Cash flow was a key concern. Free cash flow, which represents cash left after capital expenditures and is an important indicator of a company’s ability to fund operations and returns, was negative $1.13 billion. Cash from operations was down by $1.3 billion year over year, and negative for the quarter. The company cited planned maintenance, new project spend, and a negative margin environment as major pressures. On the balance sheet, cash and equivalents rose to $2.40 billion.

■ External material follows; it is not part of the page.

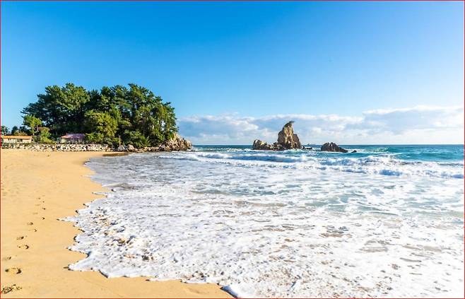 해변에는 다양한 크기의 기암괴석들이 자리해 있으며, 그중 촛대처럼 우뚝 솟은 ‘촛대바위’는 보는 방향에 따라 다양한 형상으로 보이는 자연 조각 작품입니다.

Several one-time events colored the period. Dow took after-tax charges of $0.76 per share, mostly related to restructuring and asset write-downs in Europe. The sale of the flexible packaging adhesives business in late 2024 also influenced segment performance comparisons. Management stated it is adjusting the regular dividend, with CEO Jim Fitterling pointing to the need for a "balanced capital allocation framework." The payment for the quarter was $496 million in dividends, down from earlier periods.
The shift in segment results also reflects a broader industry trend. Dow, like its European rivals, is shrinking or idling underperforming assets in response to lower demand and persistent overcapacity. The announcement of a shutdown for upstream siloxanes in the UK, supporting a shift toward higher-value specialty silicones, is a specific example. Across Europe, rationalizations are accelerating as the company looks to manage through a long industry downcycle. On the product innovation front, investment continued with the Poly-7 asset in the U.S. Gulf Coast and the commissioning of a new alkoxylation plant in Texas targeting growth markets in personal care and pharmaceuticals, expected to be fully operational by mid-2025. Despite sector pressure, downstream silicones volumes grew for the sixth consecutive quarter through Q1 2025, supporting margin resilience in the performance materials & coatings division.
Looking Ahead: Outlook, Guidance, and Key Issues for Investors
Citing uncertainty around global trade, tariffs, and the timing of demand recovery, management did not offer formal forward guidance for the third quarter or the full fiscal year. In comments, leadership suggested some easing of quarterly pressures could come from new asset contributions and operating cost reductions. Dow’s plan to activate more than $6 billion in cash support actions by 2026 was reiterated, including cost reductions, asset sales, and spending discipline. Ongoing European asset reviews and potential further plant rationalizations were also highlighted. Beyond the current period, management underscored the company’s flexibility and integration, and its ability to shift supply chains in response to changing tariff regimes, but did not set specific targets for earnings or revenue recovery.
Investors are encouraged to track several critical issues over the coming quarters: the pace at which global demand for chemicals and plastics recovers, success in shifting the portfolio away from structurally uncompetitive assets, execution on promised cost reduction measures, and any adjustments to the dividend. Regulatory and trade developments, especially related to tariffs, also hold short-term consequences for the company’s performance.
Revenue and net income presented using U.S. generally accepted accounting principles (GAAP) unless otherwise noted.